Ethylenediaminetetraacetic acid, widely abbreviated as EDTA, is an aminopolycarboxylic acid and a colourless, water-soluble solid. Its conjugate base is named ethylenediaminetetraacetate.

Its usefulness arises because of its role as a hexadentate ("six-toothed") ligand and chelating agent, i.e. its ability to "sequester" metal ions such as Ca2+ and Fe3+. After being bound by EDTA, metal ions remain in solution but exhibit diminished reactivity. EDTA is produced as several salts, notably disodium EDTA and calcium disodium EDTA

In effect, EDTA is used to bind metal ions in the practice of chelation therapy, for treating mercury poisoning and lead poisoning and other heavy metal poisoning. It is used in a similar manner to remove excess iron from the body.
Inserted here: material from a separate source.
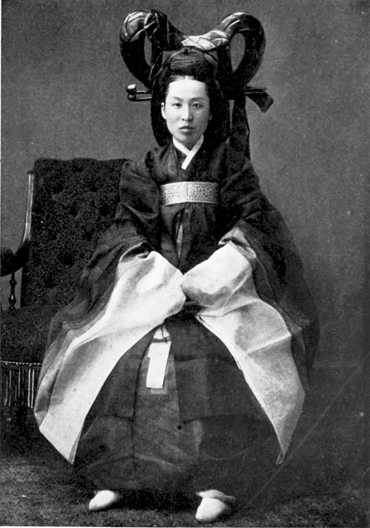 A Palace-woman in full regalia, c.1900; p.183 The passing of Korea (book)
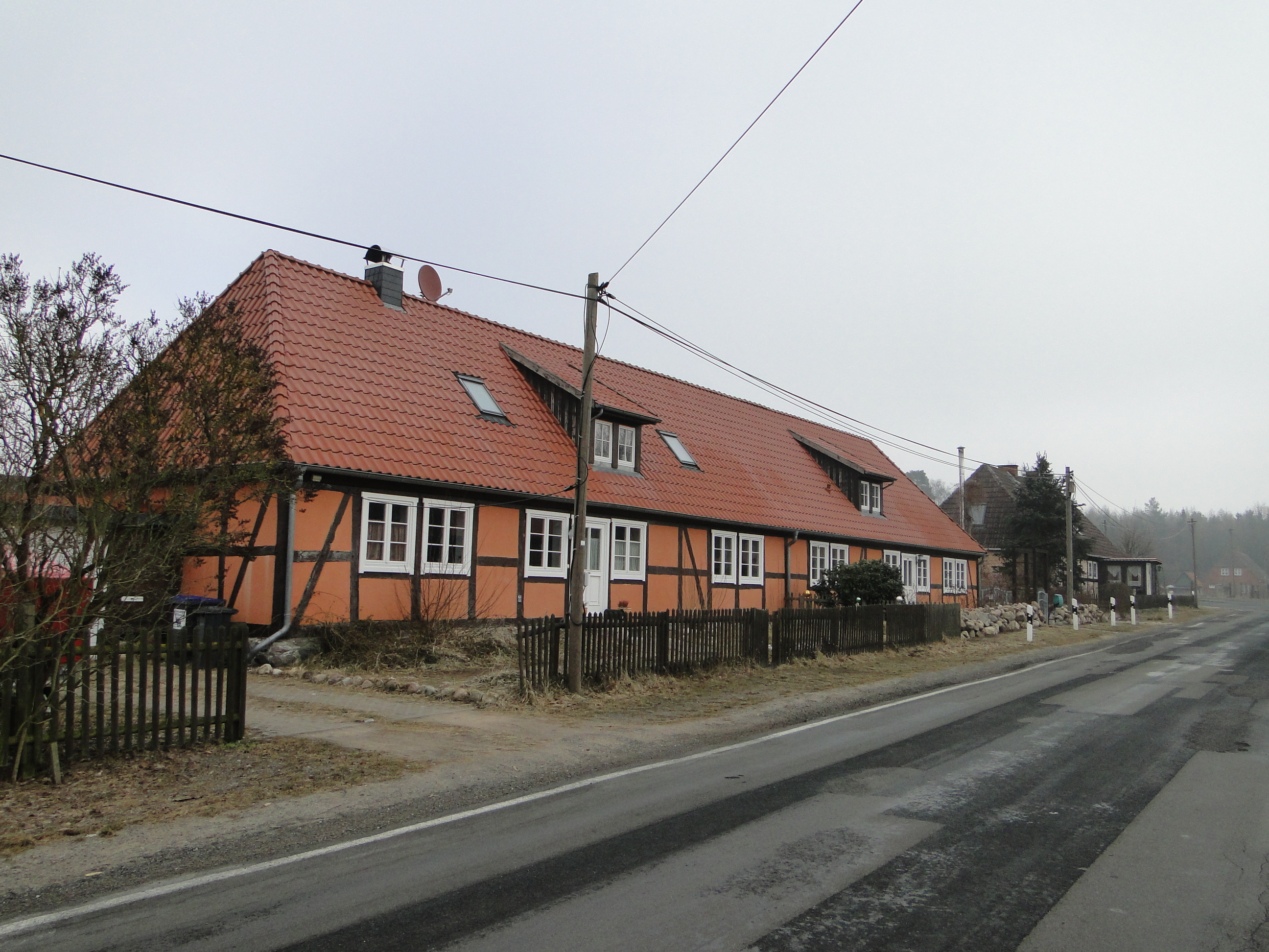 Buildings in Alt Schwinz, district Parchim, Mecklenburg-Vorpommern, Germany

It should be fairly obvious that EDTA should never be used if you are short of any of the essential metals such as iron. In effect if you are Anaemic EDTA should not be used. Although metals such as lead and mercury are simply toxic to the body which has no use for them, we need small quantities of magnesium, zinc, manganese, even copper. So leeching these from us simply imbalances our system. Thus any use of EDTA has to be carefully combined with dietary adjustments to ensure these minerals do not fall to dangerously low levels. I have listed the problems associated with deficiencies in the section on Mineral deficiency

The U.S. FDA approved the use of EDTA for lead poisoning on July 16, 1953.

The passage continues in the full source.